28. God / A. Divine Nature / 6. Divine Morality / d. God decrees morality
The finite and dependent should obey the supreme and infinite [Locke]
     Full Idea: It is certain that the inferior, finite and dependent is under an obligation to obey the supreme and infinite.
     From: John Locke (Essay Conc Human Understanding (2nd Ed) [1694], 4.13.03)
     A reaction: Locke's liberal politics has gradually helped to undermine this view. Once an inferior and dependent person owns some property, they acquire rights and do not have to submit to anyone in that respect. Modern people would defy God if they met Him.
28. God / B. Proving God / 1. Proof of God
God has given us no innate idea of himself [Locke]
     Full Idea: God has given us no innate idea of himself.
     From: John Locke (Essay Conc Human Understanding (2nd Ed) [1694], 4.10.01)
     A reaction: This is rejection of Descartes' 'Trademark Argument' (Idea 2274). It is consistent with Locke's general assault on all innate ideas, as you might expect from an empiricist.
28. God / B. Proving God / 2. Proofs of Reason / a. Ontological Proof
We couldn't discuss the non-existence of the One without knowledge of it [Plato]
     Full Idea: There must be knowledge of the one, or else not even the meaning of the words 'if the one does not exist' would be known.
     From: Plato (Parmenides [c.364 BCE], 160d)
28. God / B. Proving God / 3. Proofs of Evidence / a. Cosmological Proof
We exist, so there is Being, which requires eternal being [Locke]

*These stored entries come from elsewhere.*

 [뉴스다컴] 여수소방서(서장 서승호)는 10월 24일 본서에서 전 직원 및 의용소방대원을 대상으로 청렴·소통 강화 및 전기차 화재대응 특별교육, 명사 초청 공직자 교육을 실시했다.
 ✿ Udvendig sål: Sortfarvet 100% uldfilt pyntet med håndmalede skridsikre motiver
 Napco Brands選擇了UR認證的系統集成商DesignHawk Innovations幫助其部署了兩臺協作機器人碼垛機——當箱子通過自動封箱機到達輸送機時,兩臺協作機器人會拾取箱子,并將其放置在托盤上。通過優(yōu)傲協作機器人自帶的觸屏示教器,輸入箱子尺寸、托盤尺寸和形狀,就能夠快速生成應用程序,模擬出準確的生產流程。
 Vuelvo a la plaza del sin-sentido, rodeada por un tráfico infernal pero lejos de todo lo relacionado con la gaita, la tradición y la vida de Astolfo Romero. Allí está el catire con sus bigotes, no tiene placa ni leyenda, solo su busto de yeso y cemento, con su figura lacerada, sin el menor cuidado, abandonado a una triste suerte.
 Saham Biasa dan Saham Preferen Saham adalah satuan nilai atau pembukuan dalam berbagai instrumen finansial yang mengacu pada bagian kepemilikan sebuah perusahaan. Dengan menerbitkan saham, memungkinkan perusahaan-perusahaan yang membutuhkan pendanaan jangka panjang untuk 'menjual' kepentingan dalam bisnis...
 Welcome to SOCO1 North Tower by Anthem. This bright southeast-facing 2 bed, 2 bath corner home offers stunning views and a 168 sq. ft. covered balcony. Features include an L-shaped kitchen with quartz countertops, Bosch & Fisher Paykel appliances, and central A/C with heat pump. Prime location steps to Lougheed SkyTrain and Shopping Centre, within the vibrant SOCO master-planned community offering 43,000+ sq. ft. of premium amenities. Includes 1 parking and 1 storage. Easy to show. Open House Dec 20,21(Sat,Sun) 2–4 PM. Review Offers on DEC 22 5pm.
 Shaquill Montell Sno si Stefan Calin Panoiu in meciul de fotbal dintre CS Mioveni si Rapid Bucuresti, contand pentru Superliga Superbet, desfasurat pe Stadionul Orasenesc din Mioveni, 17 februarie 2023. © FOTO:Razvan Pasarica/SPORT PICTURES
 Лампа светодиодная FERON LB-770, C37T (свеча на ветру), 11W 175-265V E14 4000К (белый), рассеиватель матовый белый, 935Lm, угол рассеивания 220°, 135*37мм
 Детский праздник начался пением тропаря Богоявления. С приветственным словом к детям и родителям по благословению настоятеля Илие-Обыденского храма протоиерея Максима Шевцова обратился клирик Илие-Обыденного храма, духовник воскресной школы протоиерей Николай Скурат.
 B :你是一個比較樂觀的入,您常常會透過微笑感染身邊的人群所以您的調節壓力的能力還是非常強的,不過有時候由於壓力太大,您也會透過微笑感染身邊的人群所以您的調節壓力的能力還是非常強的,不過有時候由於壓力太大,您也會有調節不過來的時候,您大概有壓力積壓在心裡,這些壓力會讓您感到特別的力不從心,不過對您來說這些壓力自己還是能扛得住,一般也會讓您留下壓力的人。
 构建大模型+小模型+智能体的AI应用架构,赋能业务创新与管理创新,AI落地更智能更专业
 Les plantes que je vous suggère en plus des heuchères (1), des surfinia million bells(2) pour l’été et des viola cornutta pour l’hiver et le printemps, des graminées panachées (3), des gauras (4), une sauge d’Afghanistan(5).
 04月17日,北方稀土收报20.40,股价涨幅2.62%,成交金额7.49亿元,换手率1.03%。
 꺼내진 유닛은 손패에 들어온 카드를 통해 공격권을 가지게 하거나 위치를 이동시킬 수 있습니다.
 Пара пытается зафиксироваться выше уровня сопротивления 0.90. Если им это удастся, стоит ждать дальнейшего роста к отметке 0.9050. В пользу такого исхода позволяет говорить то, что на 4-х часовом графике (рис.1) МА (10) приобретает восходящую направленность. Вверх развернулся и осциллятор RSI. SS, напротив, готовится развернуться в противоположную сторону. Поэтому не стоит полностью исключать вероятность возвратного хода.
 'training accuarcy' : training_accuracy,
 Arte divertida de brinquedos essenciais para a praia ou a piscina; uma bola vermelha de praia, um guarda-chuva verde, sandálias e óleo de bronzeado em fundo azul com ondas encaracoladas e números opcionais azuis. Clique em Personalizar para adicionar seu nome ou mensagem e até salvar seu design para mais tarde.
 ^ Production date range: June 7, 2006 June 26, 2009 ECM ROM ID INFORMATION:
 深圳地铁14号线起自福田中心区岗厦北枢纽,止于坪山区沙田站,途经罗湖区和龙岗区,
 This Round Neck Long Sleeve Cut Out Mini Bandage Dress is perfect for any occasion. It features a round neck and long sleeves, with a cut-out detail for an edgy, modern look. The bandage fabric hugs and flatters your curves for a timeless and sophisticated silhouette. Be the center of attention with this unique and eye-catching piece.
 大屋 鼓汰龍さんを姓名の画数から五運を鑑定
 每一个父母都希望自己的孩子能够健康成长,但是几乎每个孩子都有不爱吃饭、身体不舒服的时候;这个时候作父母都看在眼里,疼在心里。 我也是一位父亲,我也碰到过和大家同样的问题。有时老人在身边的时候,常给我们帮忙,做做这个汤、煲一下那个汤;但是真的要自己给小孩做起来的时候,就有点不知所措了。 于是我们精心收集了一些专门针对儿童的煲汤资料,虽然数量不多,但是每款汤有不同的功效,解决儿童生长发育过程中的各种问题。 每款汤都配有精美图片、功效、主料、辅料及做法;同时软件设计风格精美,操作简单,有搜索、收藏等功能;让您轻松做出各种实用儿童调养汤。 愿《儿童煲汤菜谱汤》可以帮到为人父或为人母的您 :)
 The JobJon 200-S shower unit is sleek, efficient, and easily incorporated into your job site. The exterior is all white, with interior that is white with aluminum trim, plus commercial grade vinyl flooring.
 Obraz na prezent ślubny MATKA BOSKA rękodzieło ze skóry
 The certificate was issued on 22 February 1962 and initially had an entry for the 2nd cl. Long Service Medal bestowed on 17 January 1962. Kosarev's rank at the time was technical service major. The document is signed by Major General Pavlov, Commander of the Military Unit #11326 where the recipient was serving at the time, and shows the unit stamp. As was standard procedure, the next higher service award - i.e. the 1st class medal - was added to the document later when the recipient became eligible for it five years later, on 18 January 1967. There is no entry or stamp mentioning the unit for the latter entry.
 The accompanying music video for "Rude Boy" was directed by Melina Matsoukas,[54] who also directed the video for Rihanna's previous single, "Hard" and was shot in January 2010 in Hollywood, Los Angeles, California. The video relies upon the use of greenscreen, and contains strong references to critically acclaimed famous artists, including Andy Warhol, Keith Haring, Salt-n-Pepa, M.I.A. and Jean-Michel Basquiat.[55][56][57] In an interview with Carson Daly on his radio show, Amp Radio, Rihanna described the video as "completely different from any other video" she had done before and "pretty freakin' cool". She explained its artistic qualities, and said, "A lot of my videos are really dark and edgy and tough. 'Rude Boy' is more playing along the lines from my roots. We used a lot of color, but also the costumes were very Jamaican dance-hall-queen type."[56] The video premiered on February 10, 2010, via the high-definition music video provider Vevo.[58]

     Full Idea: Everyone's certain knowledge assures him that he is something that actually exists. ...Therefore there is some real Being, and since non-entity cannot produce any real being, it is an evident demonstration that from Eternity there has been something.
     From: John Locke (Essay Conc Human Understanding (2nd Ed) [1694], 4.10.03)
     A reaction: This is a cosmological proof, deriving God as a necessary precondition from the observation that something exists. It is similar to, but not as good as, Aquinas's Third Way (Idea 1431).
28. God / B. Proving God / 3. Proofs of Evidence / e. Miracles
If miracles aim at producing belief, it is plausible that their events are very unusual [Locke]
     Full Idea: Where such supernatural events are suitable to ends aim'd at by him who has the power to change the course of nature, they may be fitter to procure belief by how much more they are beyond or contrary to ordinary observation.
     From: John Locke (Essay Conc Human Understanding (2nd Ed) [1694], 4.16.13)
     A reaction: On this occasion there is flat disagreement with Hume, who produced a famous objection to the whole idea of miracles. Locke is struggling here, since he is defending events which are totally contrary to the rest of his epistemology.